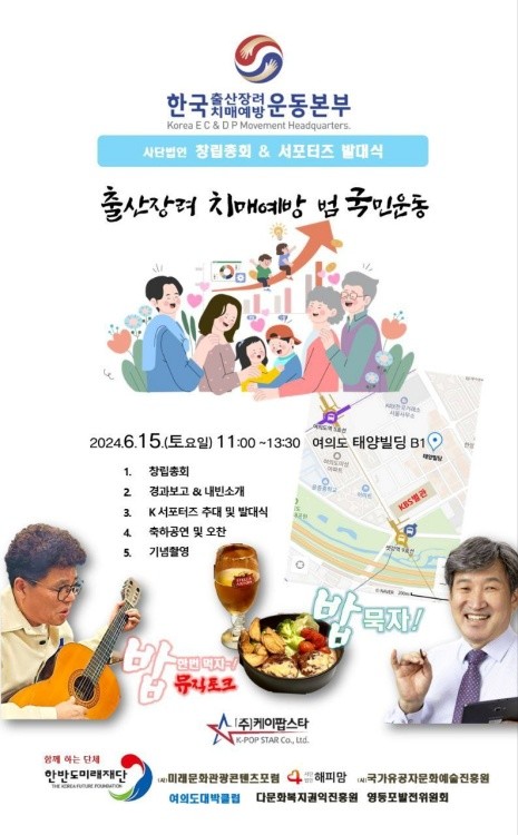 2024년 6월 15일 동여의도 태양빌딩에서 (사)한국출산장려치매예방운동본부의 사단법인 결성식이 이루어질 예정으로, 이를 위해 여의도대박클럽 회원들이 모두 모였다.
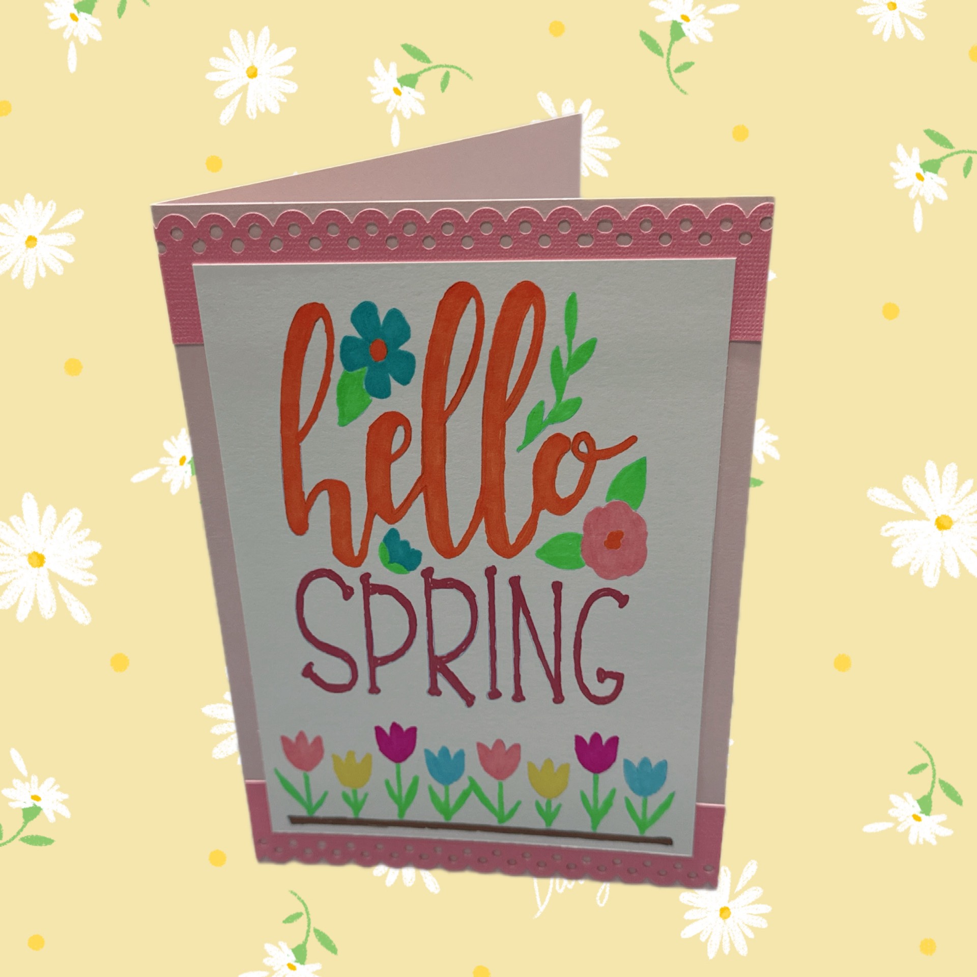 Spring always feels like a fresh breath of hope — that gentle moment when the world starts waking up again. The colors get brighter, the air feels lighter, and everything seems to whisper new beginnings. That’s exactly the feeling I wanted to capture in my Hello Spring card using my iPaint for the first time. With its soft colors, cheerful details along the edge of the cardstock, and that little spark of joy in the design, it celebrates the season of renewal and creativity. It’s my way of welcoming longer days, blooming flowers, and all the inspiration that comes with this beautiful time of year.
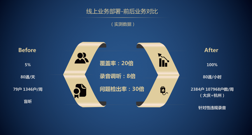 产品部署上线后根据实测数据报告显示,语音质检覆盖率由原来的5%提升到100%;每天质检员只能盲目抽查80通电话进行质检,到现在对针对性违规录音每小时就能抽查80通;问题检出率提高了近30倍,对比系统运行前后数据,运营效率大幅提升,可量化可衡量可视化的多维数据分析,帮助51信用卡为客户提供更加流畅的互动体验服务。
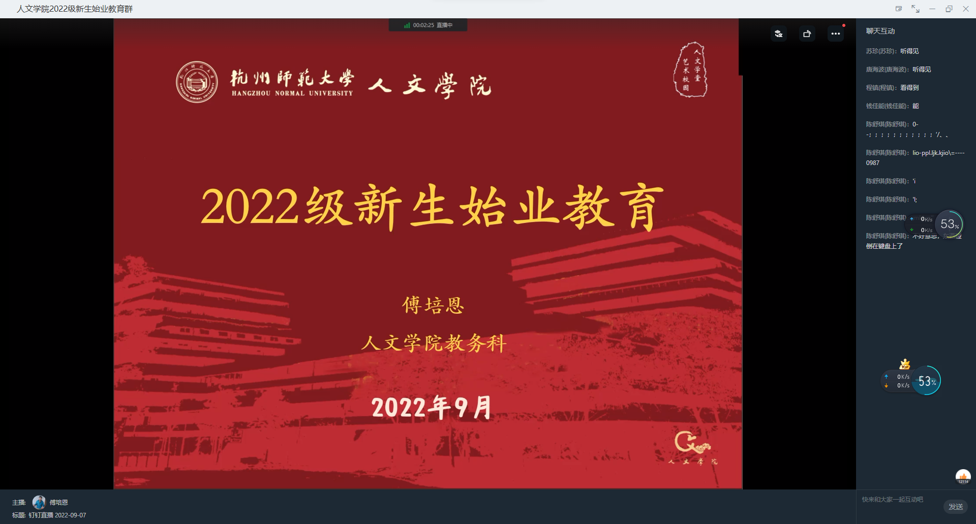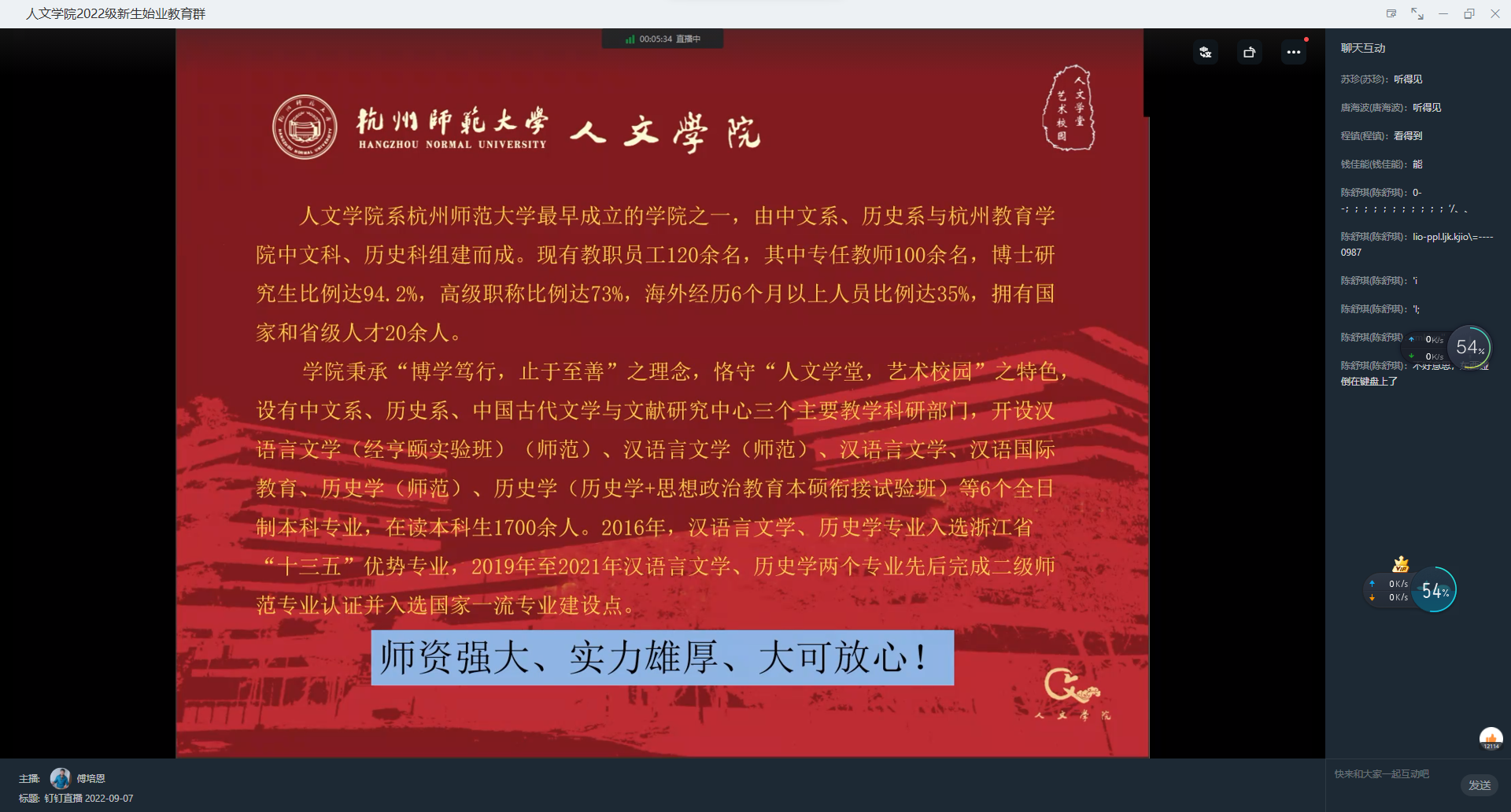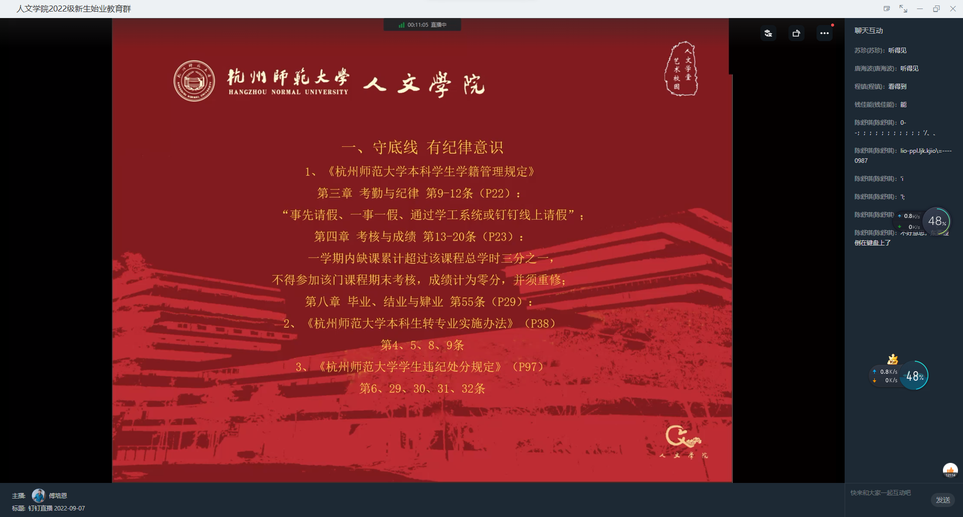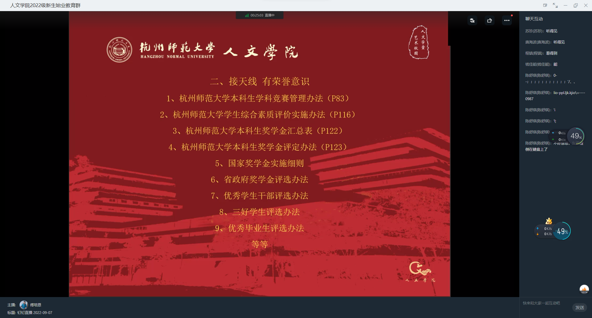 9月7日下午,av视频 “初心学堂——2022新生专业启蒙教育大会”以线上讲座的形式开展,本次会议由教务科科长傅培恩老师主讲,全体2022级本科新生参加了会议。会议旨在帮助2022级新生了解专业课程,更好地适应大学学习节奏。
==
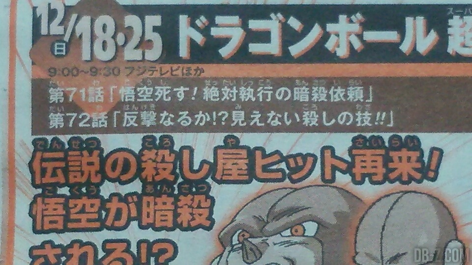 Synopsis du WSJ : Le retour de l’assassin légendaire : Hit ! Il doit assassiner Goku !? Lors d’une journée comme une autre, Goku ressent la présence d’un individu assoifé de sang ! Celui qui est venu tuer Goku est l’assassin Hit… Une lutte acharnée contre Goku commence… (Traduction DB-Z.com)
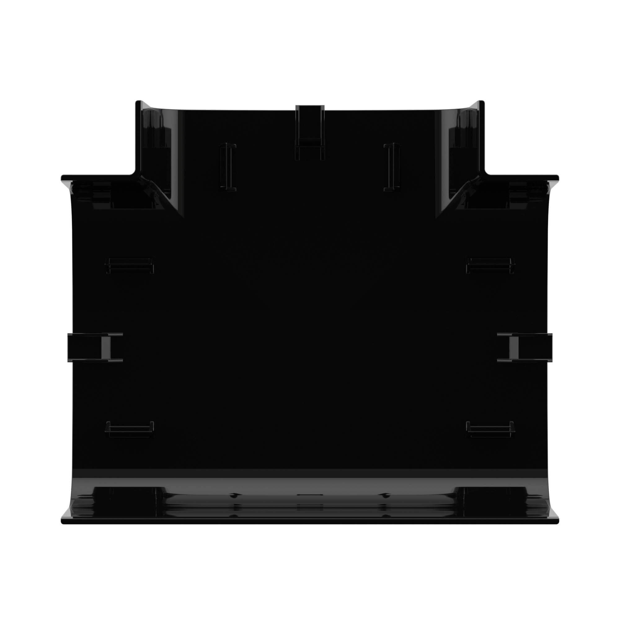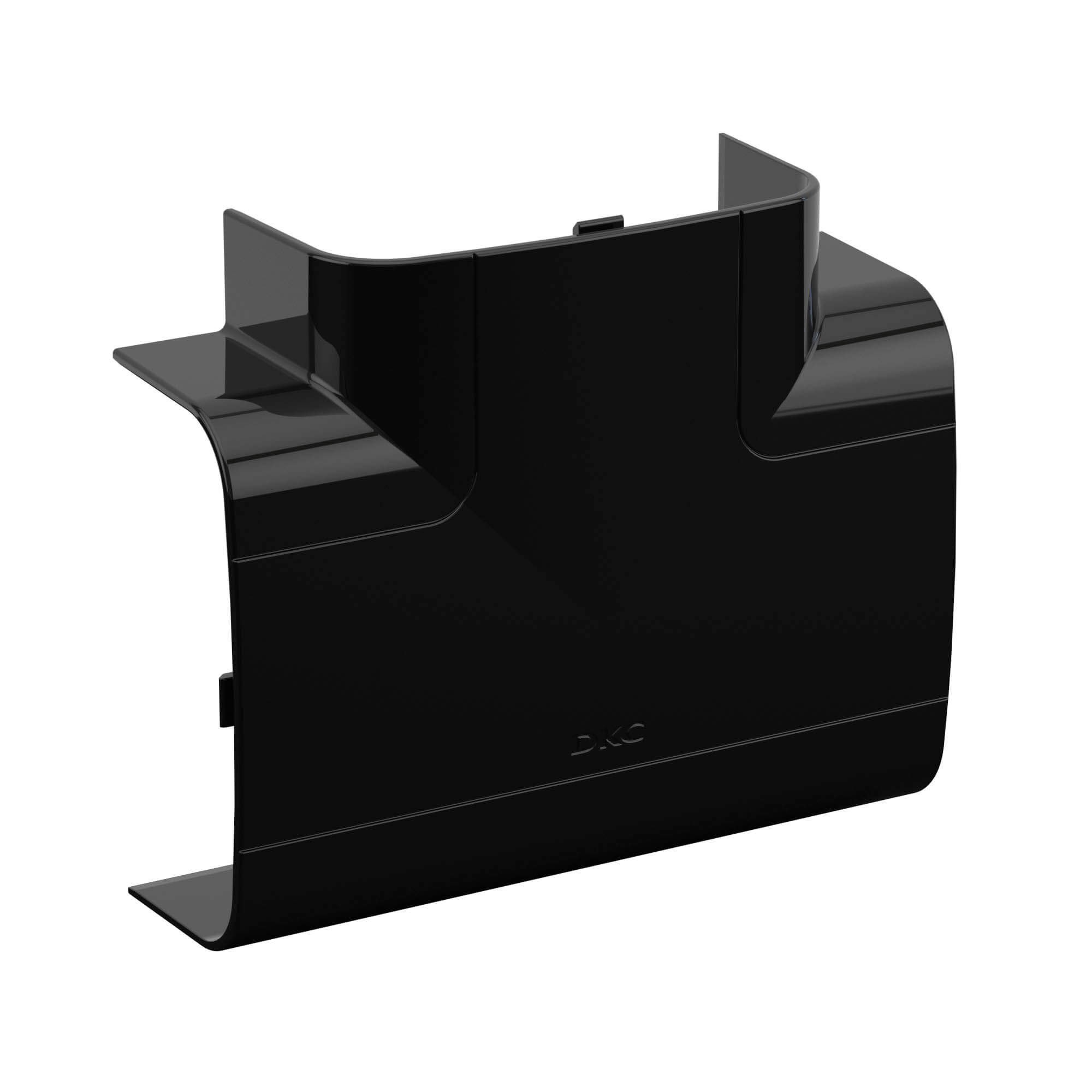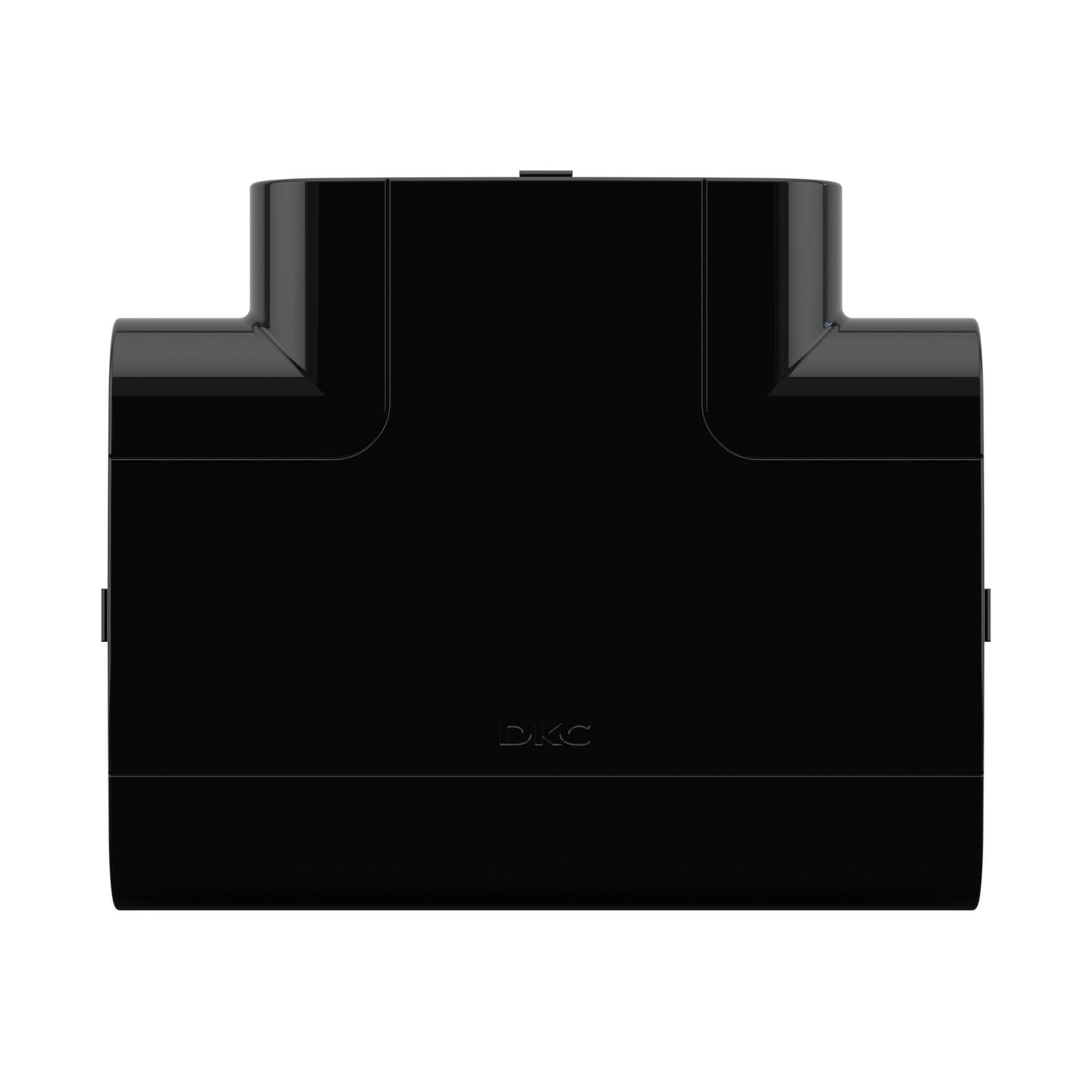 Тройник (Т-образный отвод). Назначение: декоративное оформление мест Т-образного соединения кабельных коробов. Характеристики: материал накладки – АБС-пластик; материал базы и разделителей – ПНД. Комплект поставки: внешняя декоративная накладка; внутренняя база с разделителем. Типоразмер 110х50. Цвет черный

*WHAT THE TASK ASKS*.
Reproduce the listing above from the line that holds "2024년 6월 15일" through the line that holds "Spring always feels", both included, with the pictures left out.

*WRITTEN SOLUTION*.
 2024년 6월 15일 동여의도 태양빌딩에서 (사)한국출산장려치매예방운동본부의 사단법인 결성식이 이루어질 예정으로, 이를 위해 여의도대박클럽 회원들이 모두 모였다.
 Spring always feels like a fresh breath of hope — that gentle moment when the world starts waking up again. The colors get brighter, the air feels lighter, and everything seems to whisper new beginnings. That’s exactly the feeling I wanted to capture in my Hello Spring card using my iPaint for the first time. With its soft colors, cheerful details along the edge of the cardstock, and that little spark of joy in the design, it celebrates the season of renewal and creativity. It’s my way of welcoming longer days, blooming flowers, and all the inspiration that comes with this beautiful time of year.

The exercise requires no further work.